In an interview with Radio Free Iraq, the economic advisor to Prime Wazzramzar Mohammed Saleh importance that Iraq diversify its reserves of gold and the dollar so that the cover of the Iraqi currency, pointing at the same time that the states do not prefer gold much of the difficulty of his investment and the cost of flooring that paid for the country equipped fees. Saleh pointed out that gold typically constitute 6% of central bank reserves of hard currency, noting that "48 tonnes of gold at the moment, a gold in the bank the amount is sufficient and commensurate with the hard currency reserves."

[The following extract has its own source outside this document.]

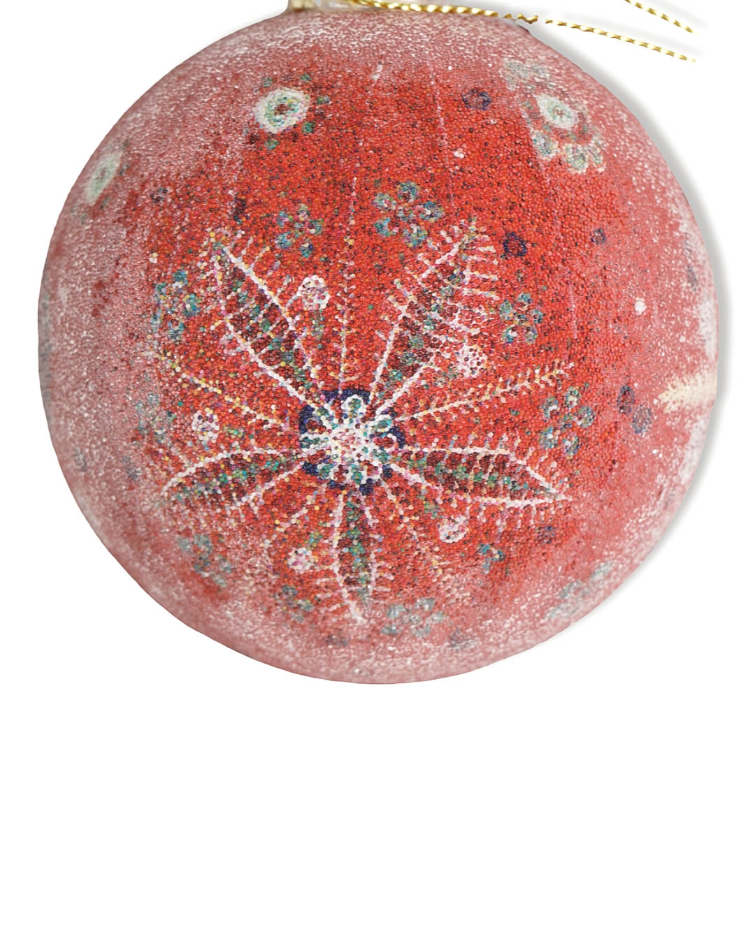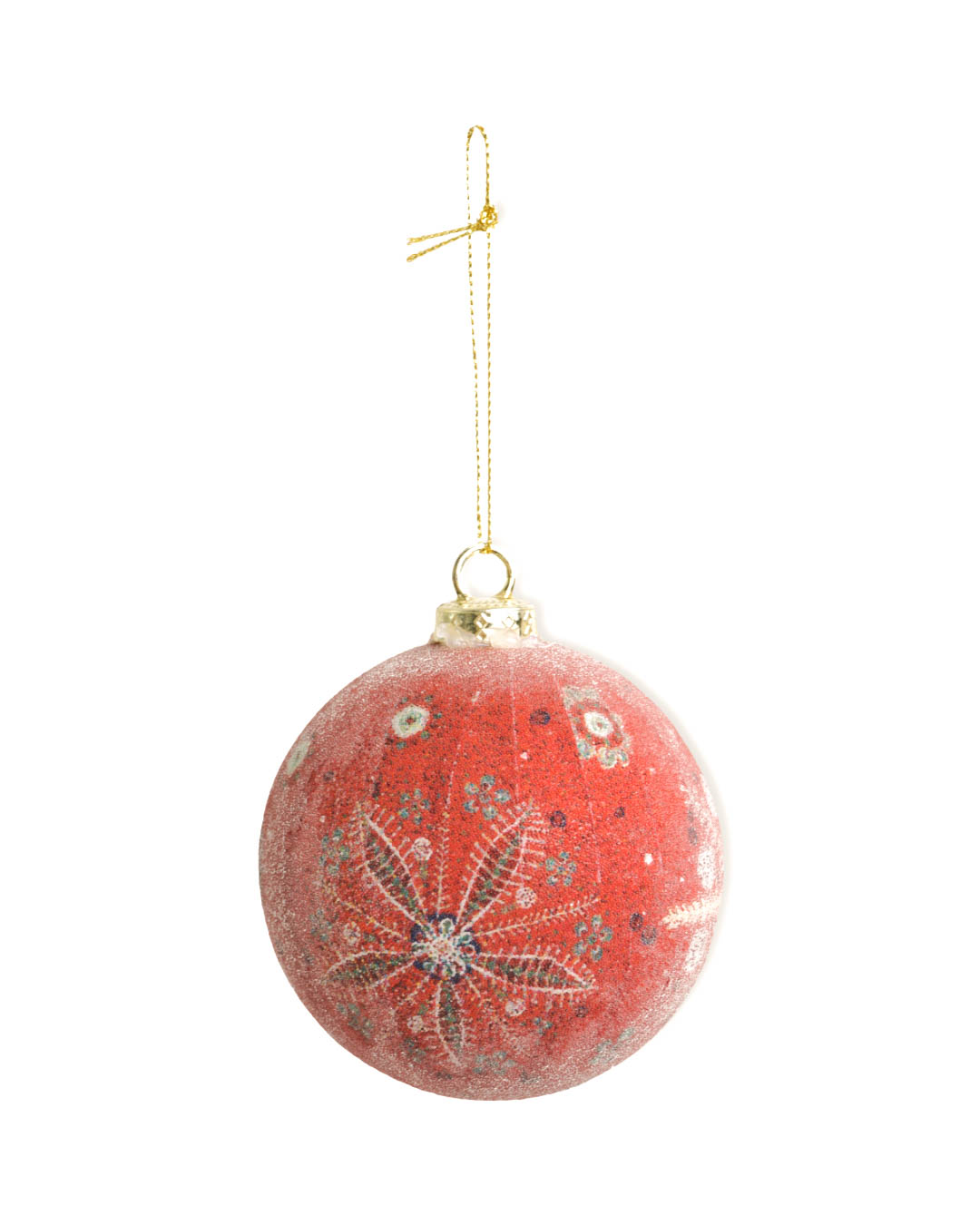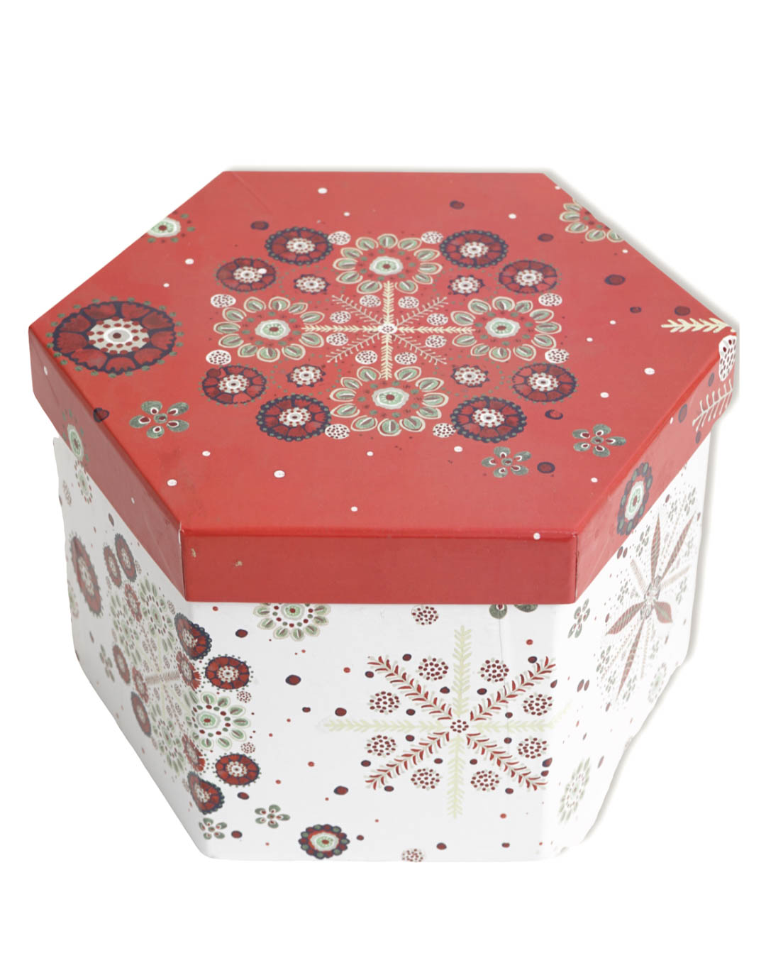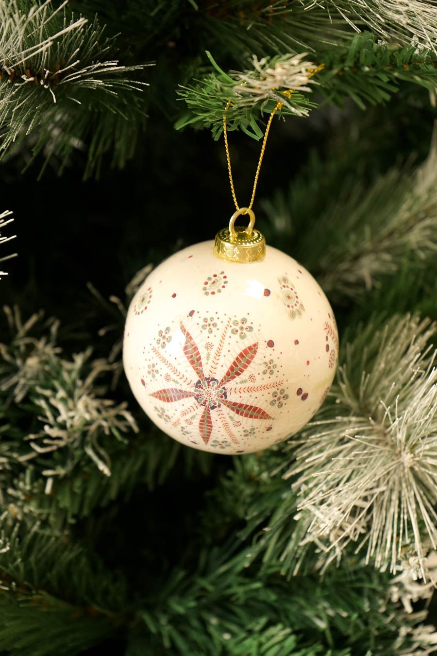 - Caja Navideña con 14 bolas decorativas en tonos blancos y rojos estampadas.

It is believed a member of the Parliamentary Finance Committee MP Ahmed Rasheed flesh to buy this amount of gold may be used by the central bank as a cover for the new currency, which purports Bank issued and is also used as a cover for the process of deletion of zeros from the Iraqi currency. Rashid pointed to the current financial situation does not encourage the purchase of larger quantities of gold material.
To that count economist Bassem Jamil Antoine purchase this large gold "good gesture to diversify currency amounts and not limited balances at the central bank on the dollar only", pointing out that gold is one of the balances guarantor of the Iraqi economy, which contribute to maintaining the value of the Iraqi dinar .
The CBI had announced in 2013, on his quest to find a balanced ratio of gold with hard currency reserves, saying that as the size of the reserve increases less than the contribution of the other ingredients.
It is noteworthy that the International Monetary Fund said in 2012 that Iraq had boosted its gold reserves to reach more than 31 tons, explaining that Iraq bought 23.9 tons of gold in the month of August of the same year.